If one actively uses these formulas in one’s production monitoring, and, for example, creates graphics of one’s own lice production, these relationships become very clear, and it becomes evident when measures must be taken and which situations to avoid. Perhaps the conclusion is that it is wise to slaughter the site before the planned time, even though one could technically maintain the lice limit for a few more weeks. Or that treatment must be initiated even earlier than usual.

The Institute of Marine Research has developed a model to calculate lice production from fish farming sites along the coast, so they can assess the infection pressure wild salmon are exposed to (the sea lice map). The figures from the Institute of Marine Research’s model are part of the decision basis for the traffic light system. Again, it becomes somewhat banal, for the relationship is obvious; to prevent reductions, less lice must be produced!

Important Tools

Easier said than done, of course, but if we focus on reducing our own lice production, we can see new opportunities and evaluate the effectiveness of measures in a slightly different way. Site usage and production plans become important tools when planning for reduced lice production. It can be useful to review historical lice data and create graphs of one’s own lice production over several years. At some sites, there is a recurring pattern in how lice pressure develops throughout the year that can be exploited:

  • At a site located in a fjord with a lot of brackish water through spring and early summer, there are good opportunities to keep lice numbers down throughout the summer. This can be a good site for autumn stocking if one succeeds in producing the fish until slaughter before lice numbers build up towards autumn. In this way, the biomass is taken out before lice production increases.
  • A site that has recurring problems with high lice numbers in the middle of summer may be better suited for spring stocking. The first summer after stocking, it is often easier to handle lice pressure, while one should avoid taking the fish through a second summer and rather slaughter it in early summer.
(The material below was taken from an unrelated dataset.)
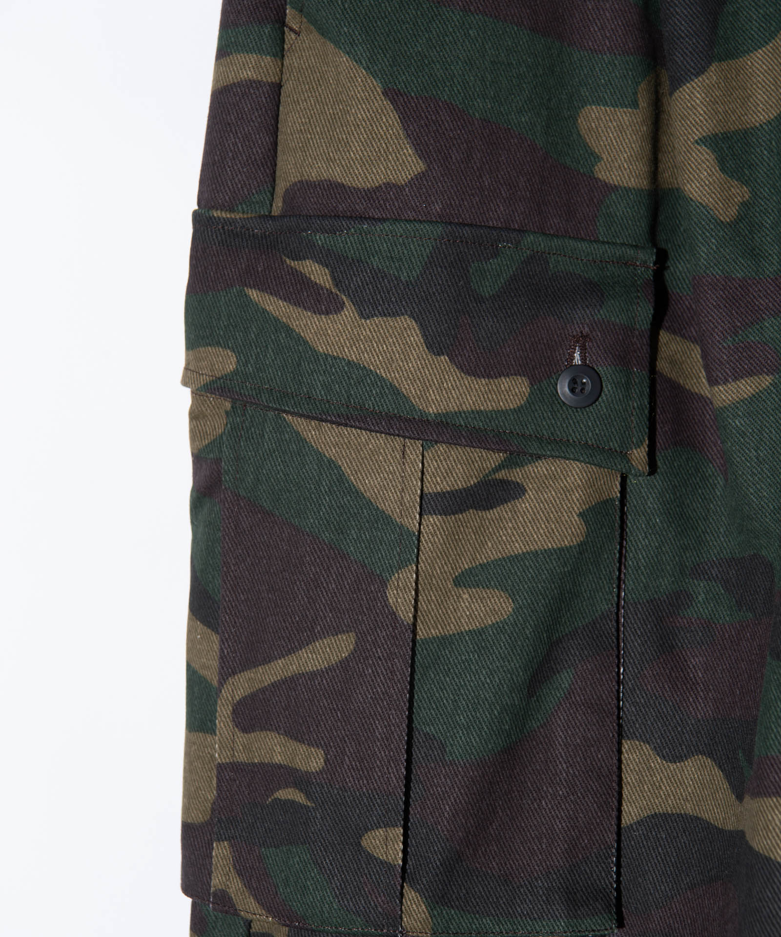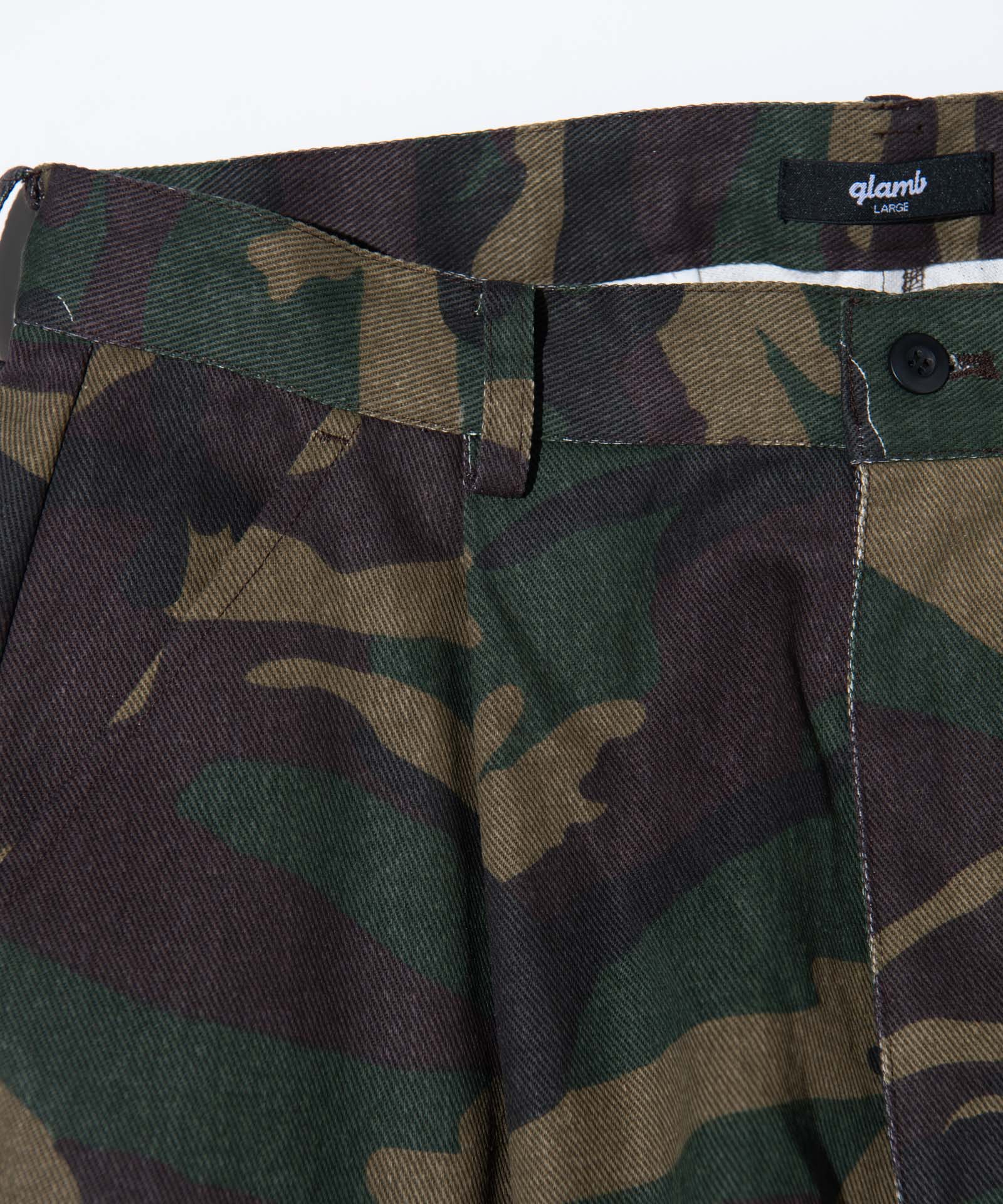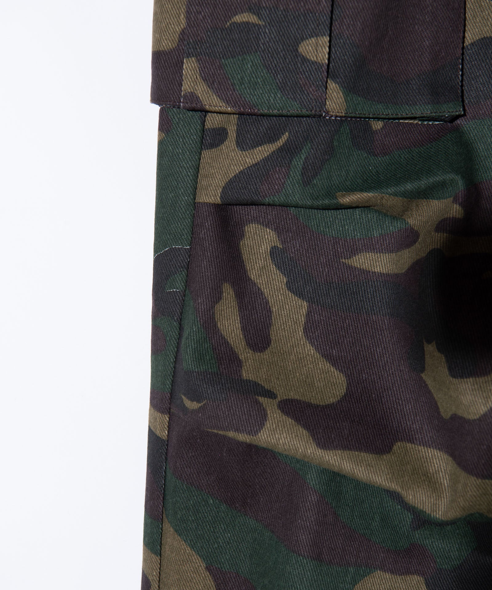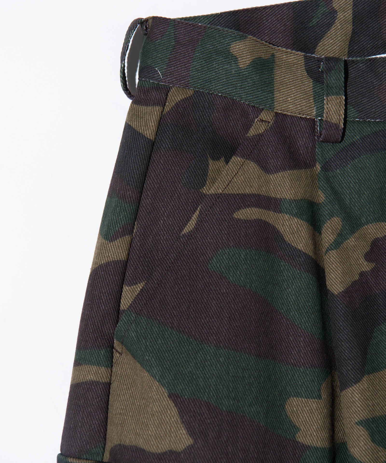 ボリュームある素材使いでミリタリーをデザインコンシャスなウェアへと昇華したWide Military Pants。カモ柄を総柄にあしらったボディは腰元に1タックを取ったワイドシルエット。サイドにはマチ付きカーゴポケットをあしらい、膝には2タックを取ってさらなるボリュームを演出。テキスタイルに打ち込みの強いコットンツイルを用いてタフな印象に仕上げました。ウエスト内側にはドローストリングを内蔵。ヴィジュアルとは裏腹にイージーな着用を実現しています。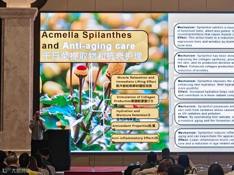 千日菊提取物被称为“植物类肉毒素”,主要活性成分为千日菊酰胺,应用在化妆品领域有着即时祛皱的功效,通过阻断神经递质传输路径,抚平动态纹、表情纹。

Thoughtful site usage, with smolt of the right size, stocked at the right time, can alone contribute significantly to reducing lice production.
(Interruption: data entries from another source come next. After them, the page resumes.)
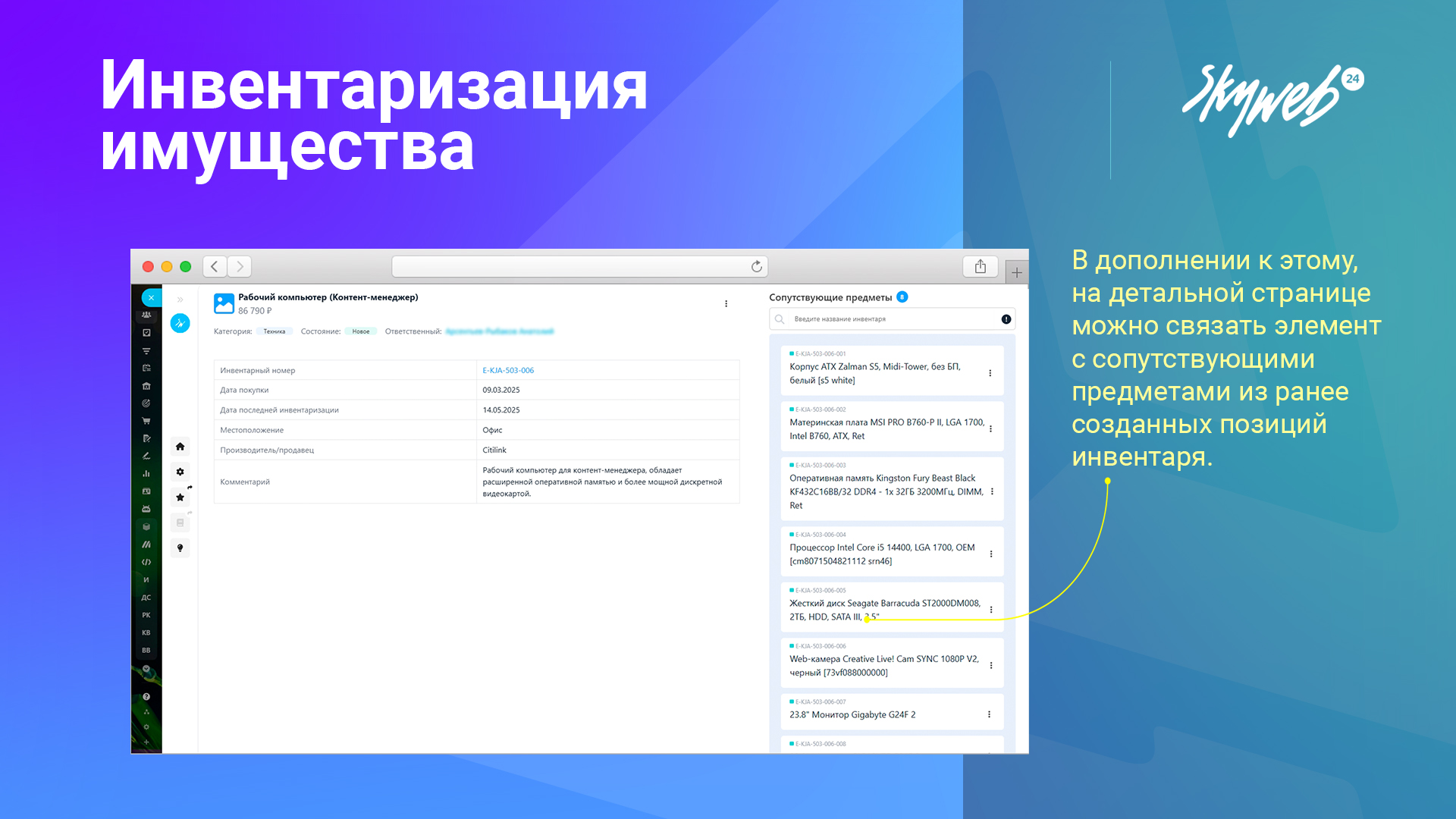 Наше приложение позволяет вести учет всего инвентаря – от канцелярии и аксессуаров до серверного оборудования и офисной мебели – посредством удобного интерфейса и гибких связей между объектами.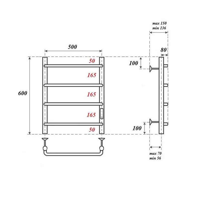 Полотенцесушитель электрический Point PN08856 П4 500x600 диммер справа, хромКомплектация: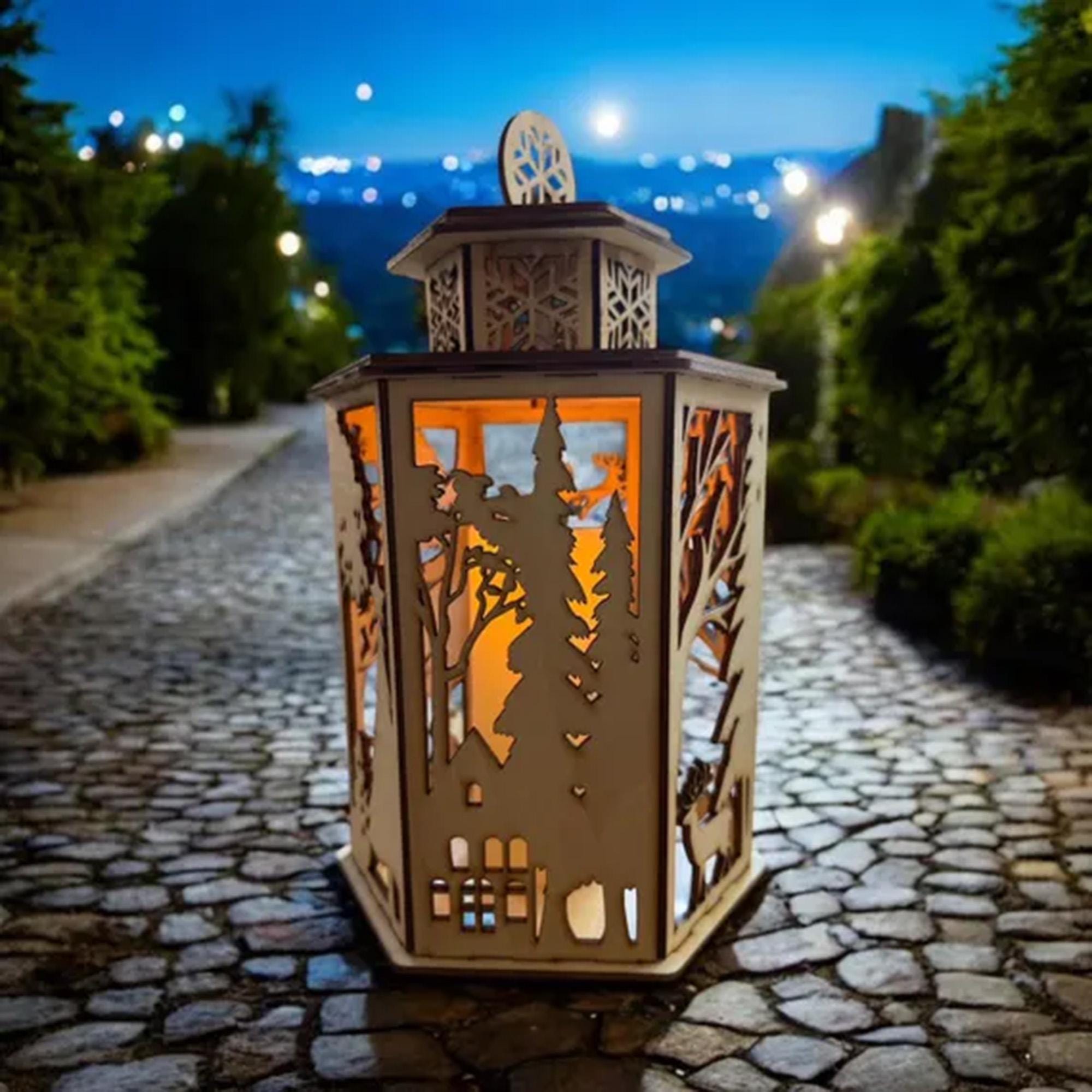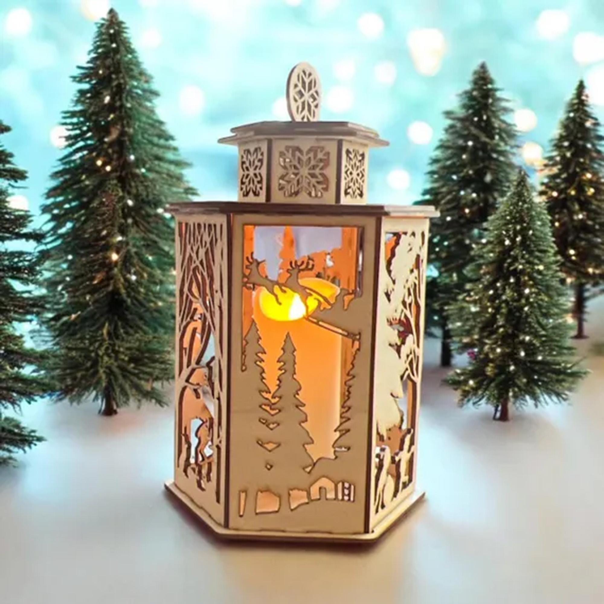 Laser Cut Wood Winter Lantern with Flameless Candle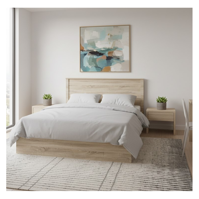 Το κρεβάτι Athos διαθέτει ένα κομψό, λιτό σχέδιο που ταιριάζει σε κάθε υπνοδωμάτιο. Η στιβαρή κατασκευή του εξασφαλίζει αντοχή και σταθερότητα καθιστώντας το ιδανική επιλογή για τη κρεβατοκάμαρα ή δωμάτια φιλοξενίας. Το ενσωματωμένο ψηλό κεφαλάρι προσφέρει άνεση και λειτουργικότητα, ενώ ο χρωματισμός του ταιριάζει αρμονικά με ποικίλα στυλ διακόσμησης. Τεχνικά χαρακτηριστικά Σταθερός σκελετός από υψηλής ποιότητας μοριοσανίδα με αντοχή στη φθορά και στο χρόνο. Φέρει ξύλινες τάβλες που εφάπτουν ακριβώς στο μέγεθος του κρεβατιού και θα σας προσφέρουν ξεκούραστο ύπνο. Κατάλληλο για στρώμα διαστάσεων 160x200 εκ. (δεν περιλαμβάνεται στη τιμή) Προσφέρεται σε sonoma χρώμα με ψηλό κεφαλάρι στην ιδια απόχρωση Διαστάσεις προϊόντος: Μήκος: 170 εκ Πλάτος: 206.5 εκ Υψος: 96 εκ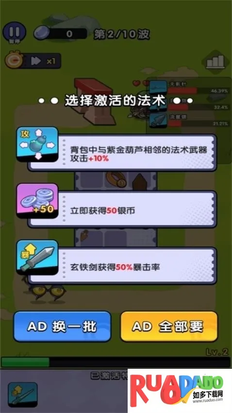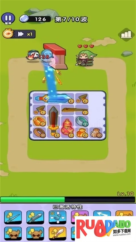 2、可自行调整游戏速度,召唤英雄阻挡怪物进攻。

The thinking underlying the above examples may not fit into the established zone structure in the various production areas. However, if one focuses on reducing lice production, one might reconsider some of these zones. Although they initially contribute to a good fallowing structure and low lice levels at the start, lice production in some of the larger zones can become massive as the salmon approach slaughter weight.
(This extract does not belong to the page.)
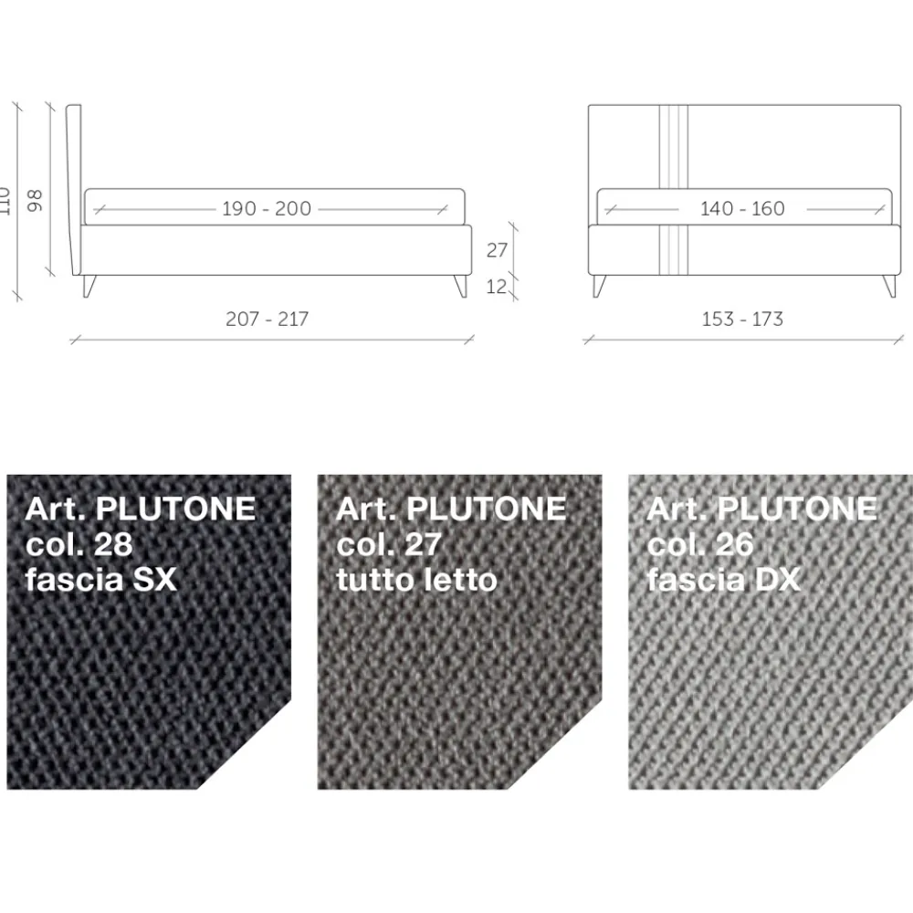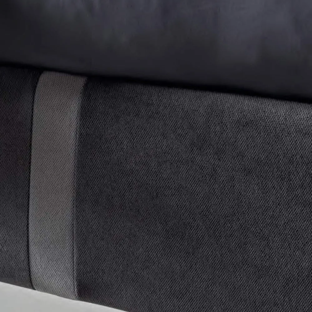 Doppelbett mit dynamischem Untergestell , Bettkasten, Metallfüßen in polierter Stahloptik (Höhe 12 cm) und Kopfteil, das sich durch die Optik mit zwei zweifarbigen vertikalen und parallelen Streifen auf Kopfteil und Bettrahmen aus wasser- und schmutzabweisendem Stoff auszeichnet.

Thoughtful site usage, with smolt of the right size, stocked at the right time, can alone contribute significantly to reducing lice production. Measures that directly reduce the number of adult female lice are also crucial to keeping lice reproduction in check. A greater focus on reducing one’s own lice production can make it easier to measure and value the work that cleaner fish do in removing gravid female lice. The same applies to other technologies with the same function.

«Tipping point»

If one succeeds in reducing their lice production, it can still feel like a futile battle when new lice infestations come in from neighboring sites if they have not been as effective in their lice control. However, in the fight against lice, there is hope of avoiding the tragedy of the commons. If one succeeds over time, one can reach a «tipping point» where a negative spiral of increasing lice production reverses into the opposite; a positive spiral where decreasing lice production actually results in fewer and fewer lice to manage. I have experienced that this is possible in confined areas that previously had significant lice challenges. For this to happen on a larger scale, more must adopt reduced lice production as their primary KPI.

PS. Just to be clear; it is only lice production, not salmon production, that should be reduced.